Текст книги "Прапорщик 1914: Перед прорывом (СИ)"
Автор книги: Михаил Тереньтьев
Соавторы: Константин Градов
Жанры:
Альтернативная история
,сообщить о нарушении
Текущая страница: 6 (всего у книги 14 страниц)
Он ответил честно: не доводилось.
– Тогда так. Стрелять будете по трём заранее записанным местам, и только по ним. Никаких поправок на слух. Заявку даёте по номеру, номера у вас на бумажке, бумажку держите в кармане, а не в руке.
– А ежели понадобится куда-нибудь ещё?
– Тогда не будете стрелять вовсе.
Он обиделся, но записал.
К вечеру вода поднялась ещё на вершок.
Она шла из воронки, из низины и просто из земли, потому что днём стояло плюс четыре и снег в тылу пошёл разом, и ходы наполнялись быстрее, чем их успевали вычерпывать.
В третьей роте стояло по колено.
Я обошёл оба готовых прохода перед сумерками, посмотрел на них с бруствера в бинокль и увидел то, что и должен был увидеть: узкую тропу в проволоке, невидимую с двадцати шагов и видную с семидесяти, если знать, куда смотреть.
Немец знал, куда смотреть.
Он нашёл первый проход – я видел, как двое ходили вдоль его края и один нагнулся, – и не стал ни латать, ни минировать.
Он просто поставил напротив него машину.
Я смотрел на это в бинокль и за это время успел передумать три раза.
Сперва решил, что проход надо бросить.
Потом – что бросать нельзя: бросишь один, он поймёт, что есть второй, и станет искать, и до темноты найдёт.
Потом додумал до конца и понял, что он сделал мне подарок, сам того не желая: покуда его машина стоит против первого прохода, она не стоит против второго, а машина у него на этом боку одна – мы её считали трижды, и трижды выходила одна.
Её выкатили и поставили не в нишу, а открыто, за мешками, и это означало, что он не прячет: он показывает.

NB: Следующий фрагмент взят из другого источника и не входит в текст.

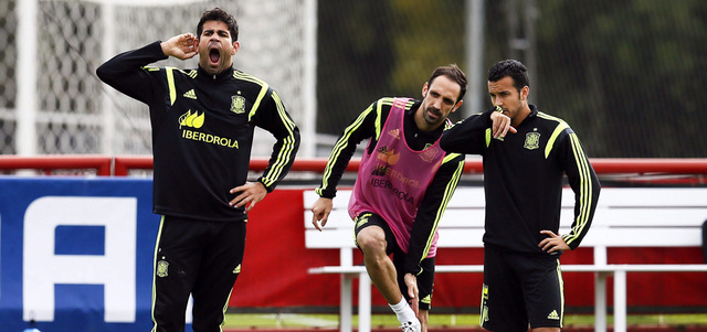 لاعب إسبانيا كوستا يتثاءب خلال التدريب الأخير في البرازيل. أ.ف.ب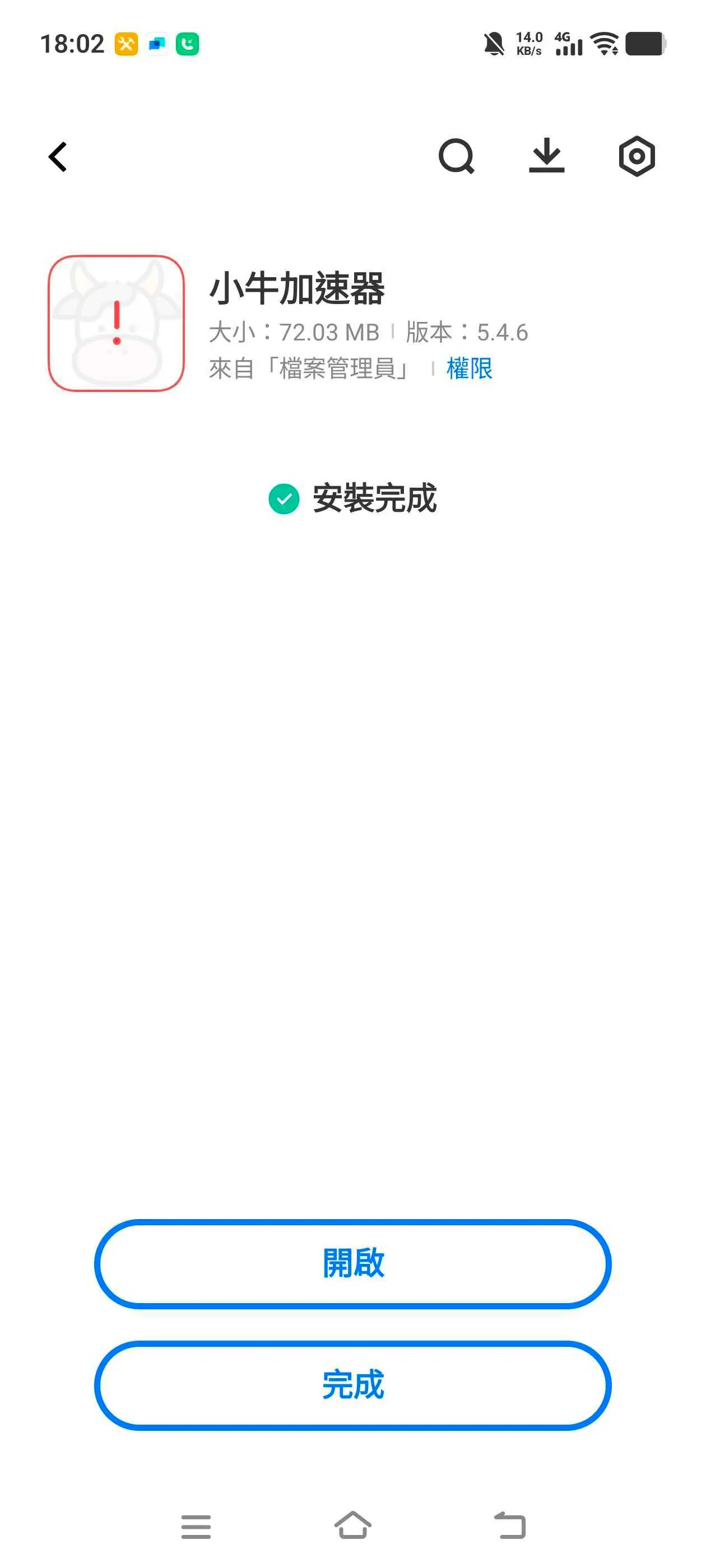 安裝完成。

– Приглашает, – сказал Туров.
– Приглашает.
– И что теперь? Идти вторым?
– Вторым пойдёт первая партия. И первым тоже пойдёт первая партия.
Туров посмотрел на меня.
Объяснять я не стал при людях, а объяснил после, когда мы сошлись у карты, выложенной кольями: пойдут по обоим, и по первому пойдут первыми, и пойдут по нему четверо, и задача этих четверых – не пройти, а быть замеченными.
– Это самоубийство, – сказал Ветлугин.
– Это работа, – сказал Ковтун. – Четверо не пройдут, ежели побегут. Ежели поползут по краю, по воде, и после лягут – постоят минуту и уйдут.
– А ежели не уйдут?
Ковтун промолчал.
Я тоже промолчал, потому что честного ответа у меня не было, а нечестного давать не хотел.
– Четверо на минуту, – повторил Ветлугин. – А если он положит их за полминуты?
– Тогда мы будем знать, что он положил их за полминуты, и вторая партия войдёт вторым проходом, покуда он перезаряжает.
Я сказал это ровно и вслух, при всех, и не стал смягчать, потому что смягчать тут было нечего: люди, которых я собирался послать первыми, шли не в обход и не в обман, а под пулю – для того, чтобы пулю на себя вызвать.
Такое надо говорить прямо. Иначе после не отмоешься ни перед ними, ни перед собой.
Отбирать этих четверых я не стал сам.
Я сказал, что нужно четверо, и сказал зачем, и что дело это на минуту и что уйти можно только ползком и только по воде. И через полчаса Ковтун привёл мне четверых, и среди них был Наливайко.
– Ты-то куда, – сказал я. – Тебе на той неделе домой писать.
– Так я и напишу, ваше благородие, – ответил он. – Мне ползком-то оно привычней, чем бегом.
Перед выходом я обошёл оба прохода в последний раз, уже в темноте.
Первый – тот, что немец обозначил машиной, – лежал открыто, как приманка, и я постоял над ним ровно столько, сколько нужно, чтобы запомнить каждый шаг.
Второй, за бугром, был хорош. Узкий, кривой, с двумя матами и одним завалом, который придётся обходить ползком.
По нему пойдут восемьдесят человек.
Восемьдесят человек по одному, в темноте, через дыру в проволоке шириной в два аршина, – это тридцать пять минут, если всё пойдёт как надо, и час, если не всё.
Тридцать пять минут – это ровно то, чего у нас не будет.
Сотников в девятом часу привёл ко мне своих.
Пришли они безо всякого строя и так же встали – просто собрались в ходе, кто на дне, кто на ступени, и ждали.
Я прошёл вдоль и посмотрел каждому в лицо, как смотрел на своих в первую ночь на сборном пункте.
Половина из них брала этот выступ одиннадцать суток назад. Их я узнавал сразу: гранату они держали под рукой, а не в подсумке.
Одному, совсем молодому, я велел перемотать обмотку – она у него сползла, а ночью это стоит шума и падения.
Он перемотал и после этого стоял ровнее.
Времени было девять часов вечера.
Вода в ходах поднималась на вершок за пару часов, и завтра к этому же времени по низине нельзя будет пройти ни партии, ни подноске, ни раненым обратно.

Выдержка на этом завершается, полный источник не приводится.